- Bond, Robert M., et al. “A 61-million-person experiment in social influence and political mobilization.”
- Kramer, Adam DI, Jamie E. Guillory, and Jeffrey T. Hancock. “Experimental evidence of massive-scale emotional contagion through social networks.”
Both of the paper assigned though short are pretty interesting. Both you them have to do with social contagion showing where behavior of people can propagates outwards.
In the first paper, the observation/behavior that bugs me is that people who were shown the informational message behaved in a manner unsettlingly similar to people who had no message at all. Desire to attain social credibility alone cannot be the cause! because the difference in validated voting records between the control group and informational message group is practically speaking non-existent. This leads to what i think might be a pretty interesting question, “do people generally lie on social media platform to fit the norm in order to achieve acceptance from community? monkey sees, monkey does?”. A slight intuition, though controversial, might be that elections in USA are highly celebritized, which might be affecting how voters behave on social media. Another important factor that i think was not controlled for by the authors was fake accounts which may have a significant impact on the results. We’ve seen recently in the US Presidential how these bogus accounts can be used to influence elections.
The second paper was more interesting of the two and slightly worrying in a sense too. Taking the result just at face value, “is it possible to program sentiments of crowds through targeted and doctored posts? if yes, how much can this impact important events such as presidential elections”.
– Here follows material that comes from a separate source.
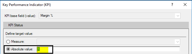 Step 17: In this window, define an Absolute Value for the target as 1. We are doing this because we don’t have any other target values/measures defined separately to compare with actual values of Margin %.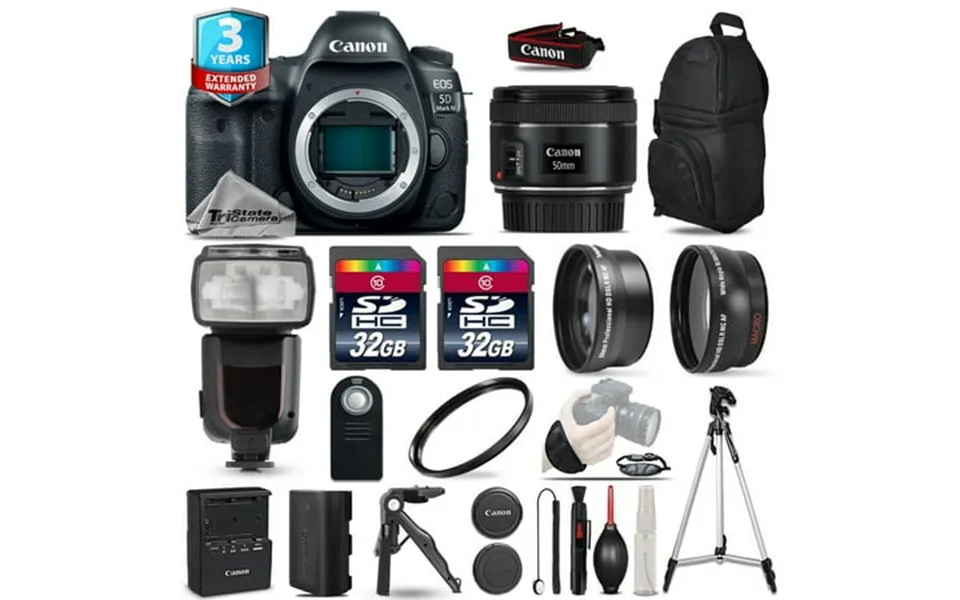 Tristatecamera saving bundle includes: canon eos 5d mark iv dslr camera 1483c002 canon ef 50mm f 1.8 Stm lens elite series digital slr auto-focus power zoom flash with lcd display bounce swivel for canon dslr black 2 of 32gb class 10 sdhc flash memory card 0.43X wide angle lens w macro portion 2.2X photo professional telephoto hd lens cps 3 year extended protection warranty for digital camera dual 6.5 Mini table-top tripod & pistol grip 58mm uv protection filter professional tripod for digital slr camera backpack for dslr system black wireless remote control pen pocket cleaning brush professional wrist grip strap air blower cleaner 49-58 step up ring deluxe cleaning kit for dslr cameras what s in the box: lp-e6n lithium-ion battery pack 7.2V 1865mah lc-e6 charger for lp-e6 battery pack eyecup eg rf-3 body cap ifc-150u ii usb 3.0 Interface cable cable protector wide neck strap software cd-rom please note:this is an international model product. Manufacturer s warranty is not applicable. Please see warranty section for more details.

Nevertheless, moving on to the content of the paper itself, I disagree with the methodology of the authors in using just LIWC for analysis. While it may be a good tool, the results should have been cross-tested with other similar tools. Another thing to be noted is the division of posts into a binary category with the threshold being just a single positive or negative word. I feel that this is choice of threshold is flawed and will fail to capture sarcasm or jokes. My suggested approach would have been to have three categories of negative, neutral/ambiguous and positive. The authors’ choice of Poisson regression is not well-motivated and implicitly assumes that posting times (gaps between posts) assume a Poisson distribution of which no proof has been provided which leads me to believe that the results might be artifacts of the fit and not actual observations. Finally, a single trial, in my opinion, is insufficient; multiple trials should’ve been conducted with sufficient gaps in between.
Regardless of the approach adopted, building on the results of the paper that when people see more positive posts their subsequent posts are positive and vice versa for negative statements, my questions is that “People who subsequently share positive or negative posts after being exposed to the stimuli, are they actually more positive or more negative respectively? or is it again monkey sees, monkey does i.e. do they share the similar posts as their entourage to stay relevant?”. I might be going off a tangent but the it might be interesting to observe the impact of age i.e. “Are younger people more susceptible to being influenced by online content and does age act as a deterrent against that gullibility?”